Segunda, 25 Março 2024 21:10
DITADURA NUNCA MAIS

Fernanda Carisio: a bancária do BB e dirigente sindical que foi presa e torturada pelos militares

Fernanda Carisio: “A democracia e a liberdade de organização e manifestação são essenciais para que tais situações não se repitam mais” Fernanda Carisio: “A democracia e a liberdade de organização e manifestação são essenciais para que tais situações não se repitam mais”

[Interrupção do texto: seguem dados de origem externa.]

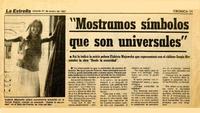 "Mostramos símbolos que son universales" [artículo]. La Estrella. -- ene. 31, 1987, p. 11 .
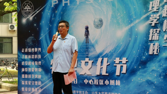 辛莹向广大师生介绍了物理文化节举办的背景和详细活动内容。她指出,物理文化节是开云网页版页面落实山东大学“学在山大 快乐成长”校园文化活动的一个重要举措,希望能够通过活动的举办,推动学院完善特色育人体系,营造育人优良生态。她简要介绍了“寻物之理”主题书展、读书分享会、物理趣味闯关游戏、趣味物理实验、物理社团大赏、CUPT创新作品展示等活动内容,希望同学们通过参与实践、互动和体验,更加深入地了解物理学科,感受科学魅力,真正实现“学在山大 快乐成长”。
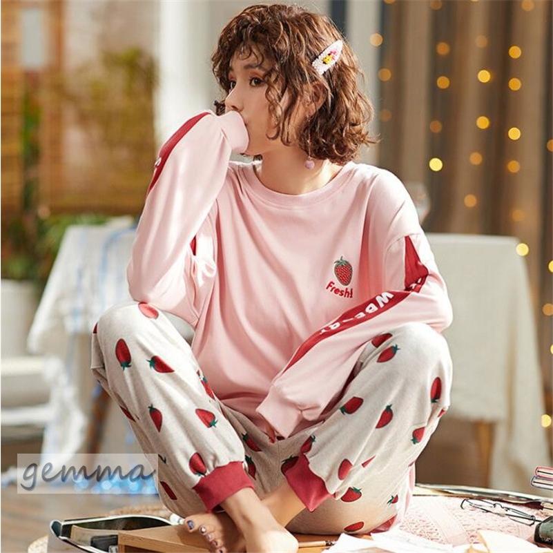 パジャマ ルームウェア レディース 春夏秋冬 いちご柄 イチゴ パジャマ可愛い 長袖 綿 ルームウェア 女性 部屋着 寝巻き 新作 Qaz108 Gemma 通販 Yahoo ショッピング
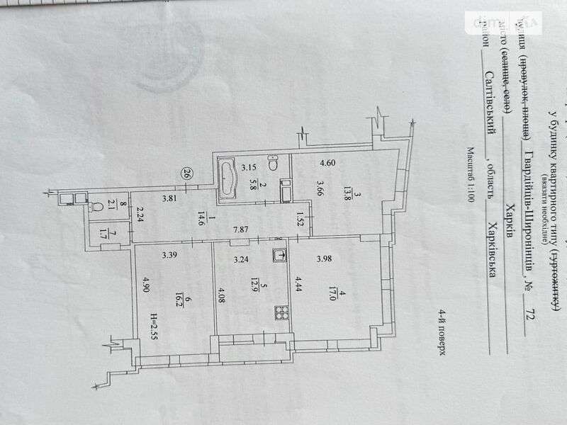 ЖК Дата объявления: 2, 3 к, Харьков, Северная Салтовка, ул. Гвардейцев Широнинцев 72. Продаж 3к квартири 86.3 кв. м на вул. Гвардійців-Широнінців 72 Продам 3-кімнатну квартиру в новобудові на Північній Салтрвке, ЖК " Меридіан ", секція 2, Будинок Зданий, поруч з ТРЦ " Екватор ". Квартира знаходиться на 4 поверсі 19 поверхового будинку. Загальна площа - 87 м2, житлова площа - 47 м2, Будівельний стан, горизонтальна розводка опалення, є можливість встановити індивідуальний лічильник на тепло. Комплекс включає в себе: наземний паркінг і дитячі майданчики, зони відпочинку, магазини, кафе. Поруч вся необхідна інфраструктура: дитячі сади, школи, супермаркет "Велмарт ", ринок, зупинка громадського транспорту. Район Салтівський, мікрорайон Північна Салтівка, ЖК Меридіан. Телефонуйте! 45000 $ Валентин Вн: a1 - 11.09.2025, Кор(вручную): a1 - 11.09.2025 Вн: a1 - 11.09.2025, Кор(вручную): s10 - 11.09.2025 Подробнее об этом объекте на сайте 20.estate
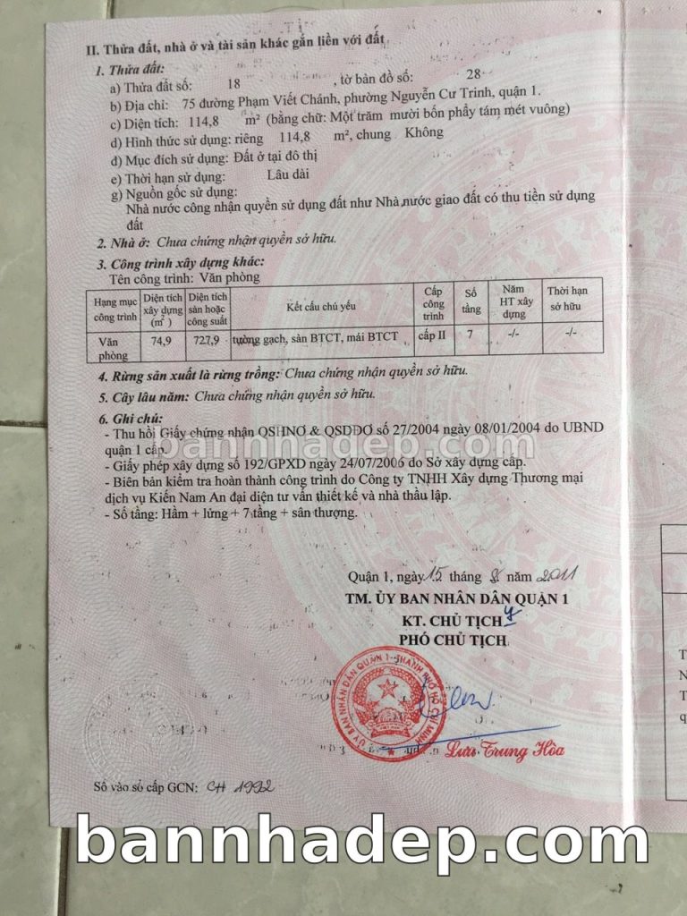 Bán nhà 75 Phạm Viết Chánh phường Nguyễn Cư Trinh quận 1
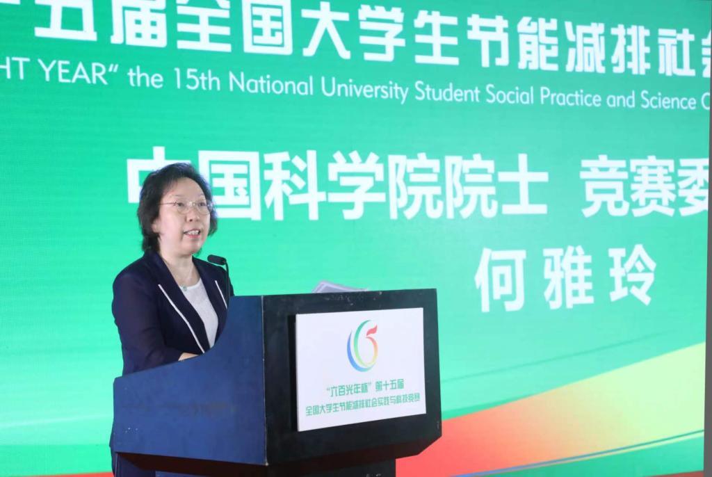 何雅玲致开幕辞。她表示,创新是一个民族和国家的希望所在。节能减排竞赛自开办以来,创新一直就是孜孜追求的目标,大学生是创新的生力军,应该发挥自己应有的作用。她介绍了本届大赛在组织、宣传、传承和发扬方面形成的三大特色:一是凝练精神文化,彰显价值追求:大赛凝练出“节能减排,主动作为;实践创新,交融育人”,并以“点亮生命之光,绽放生命之魂”为主线,贯穿大赛始终和所有环节。同时衍生了吉祥物、主题曲、科普出版物等文化产品。将科技活动与历史及人文价值关联起来,扩大了社会影响力。二是创新组织模式,践行服务理念:本届大赛进行了一系列的活动方案创新,如设立社会实践调查类单独赛道、境外高校以及企业奖等单独赛道等。三是鼓励学科交叉、携手交融育人:大赛鼓励学科交叉、产学结合,引导各方力量聚焦大赛主题,切实践行“交融育人”。她号召青年人要有时不我待的紧迫感和舍我其谁的责任感,努力学习,积极实践,努力使自己成为国家的栋梁人才,把自己的青春奋斗融汇进我国创新发展的伟大事业中。
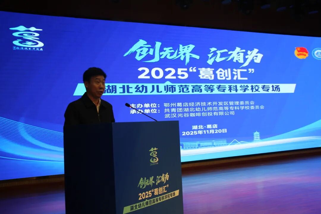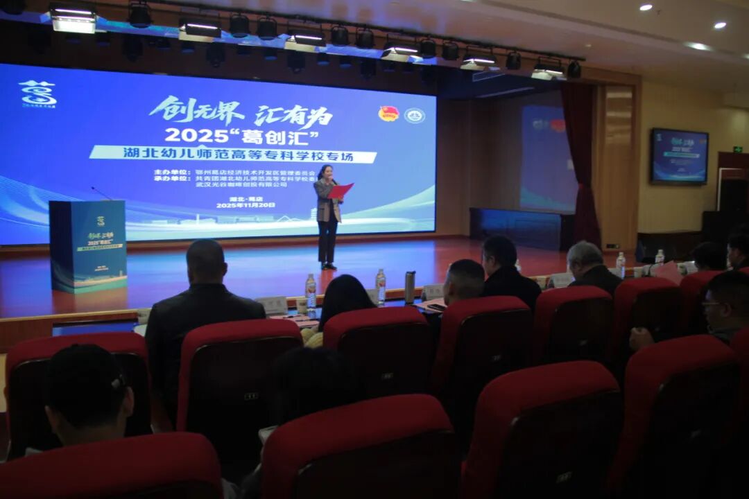 11月20日,由鄂州葛店經(jīng)濟(jì)技術(shù)開發(fā)區(qū)管理委員會(huì)主辦,共青團(tuán)湖北幼兒師范高等專科學(xué)校委員會(huì)、武漢光谷咖啡創(chuàng)投有限公司聯(lián)合承辦的2025“葛創(chuàng)匯”湖北幼兒師范高等??茖W(xué)校專場(chǎng)路演活動(dòng)在學(xué)校報(bào)告廳成功舉辦。
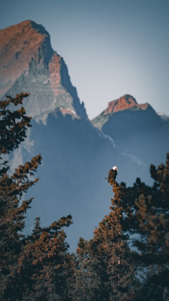 Aspens in the fall in Glacier are the incarnation of angels from the deep reaches of heaven where beauty is abundant, clear, and necessary. I stumbled through the stands on the side of the highway, floored with waves of numen on the way to Many Glacier. Chris searched for the Perfect Wood in the underbrush, and a lone bald eagle, perched upon a fir with the grey peaks behind it, waited just long enough for us to say hello before he took off to his secret eagle life.

Nesta última matéria da série especial “Ditadura nunca mais”, marcando os 60 anos do golpe militar de 1964 que derrubou o governo democrático de João Goluart e implantou 21 anos de regime militar autoritário, apresentamos um depoimento vivo de quem viveu aquele período dramático da vida brasileira: Fernanda Carisio, bancária do Banco do Brasil, que foi presidenta do Sindicato dos Bancários do Rio e da CNB (Confederação Nacional dos Bancários), o embrião da Contraf-CUT, a Confederação Nacional dos Trabalhadores do Ramo Financeiro.

Uma história de luta

Fernanda começou a militar na política ao entrar para a universidade em 1972. Entrou para a faculdade de jornalismo na PUC, onde iniciou sua militância no então Partido Comunista Brasileiro (PCB), transferindo-se depois para a UFF (Universidade Federal Fluminense).
Continuou militando no movimento estudantil e ingressou na Fração Bolchevique da Política Operária, que posteriormente veio a realizar seu primeiro congresso e a se denominar Movimento pela Emancipação do Proletariado (MEP). Ao passar no concurso para o Banco do Brasil se aproximou do movimento sindical bancário. Como jornalista, trabalhou durante alguns anos na Tribuna da Imprensa, o último jornal a contar com a presença de censores diretamente na redação, assediando os jornalistas e censurando abertamente o jornal

Prisão e tortura

Em julho de 1977, Carisio e vários militantes do MEP foram presos pela ditadura militar. “Ficamos dez dias incomunicáveis no Quartel da Polícia do Exército da Barão de Mesquita e fomos submetidos à tortura e ao isolamento total”, relata. Ela foi libertada em setembro de 1977, continuou a militância no movimento estudantil e no sindicalismo bancário. Enfrentou, junto com todo o movimento sindical, a partir de 1978, as intervenções da ditadura militar ou direções claramente patronais e vinculadas ao regime.

Repressão aos trabalhadores

Participou da organização do processo eleitoral a fim de reconquistar o sindicato dos bancários para as mãos dos trabalhadores. “Qualquer tentativa de luta, de questionamento aos baixos salários ou a falta de condições mínimas de trabalho ou de organização dos trabalhadores era duramente reprimida. Um exemplo claro dessa repressão foi a intervenção em nosso Sindicato, a perseguição dos dirigentes, com o exemplo mais flagrante de Aluízio Palhano perseguido e morto pela ditadura militar”, lembra Fernanda.

O valor da democracia

Às gerações mais novas, que não viveram e desconhecem o que é uma ditadura, Fernanda Carisio faz um alerta.
“Quem acha que a vida era melhor, realmente, ou tem muito pouca memória ou está muito mal informado. As mobilizações que se iniciaram no ABC e correram como rastilho de pólvora gerando mobilizações de trabalhadores em todo país, tiveram como principais bandeiras as conquistas econômicas. O arrocho salarial era violento. Direitos que hoje consideramos como ‘naturais’ não existiam. Nada de auxílio transporte, auxílio alimentação e refeição, auxílio creche, planos de saúde, abonos, PLR então nem pensar” explicou.
“A inflação absurda chegou a mais de 80% ao mês. Quem pode ter saudade dessas coisas? Enquanto isso os ditadores de plantão falavam em ‘Brasil ame-o ou deixe-o’, em obras faraônicas, nunca concluídas como a Transamazônica e que consumiam rios de dinheiro em mamatas e muita corrupção. E tudo isso sob forte censura da imprensa buscando tapar o sol com a peneira”, critica.
“Com o aumento das lutas dos trabalhadores por melhores condições de trabalho e de vida e por democracia e eleições livres, essas fanfarronices foram sendo desmascaradas. A democracia e a liberdade de organização e manifestação são essenciais para que tais situações não se repitam nunca mais. Precisamos conhecer nossos direitos, saber como conquistamos cada um deles, para que possamos mantê-los e avançar em novas conquistas”, conclui a sindicalista.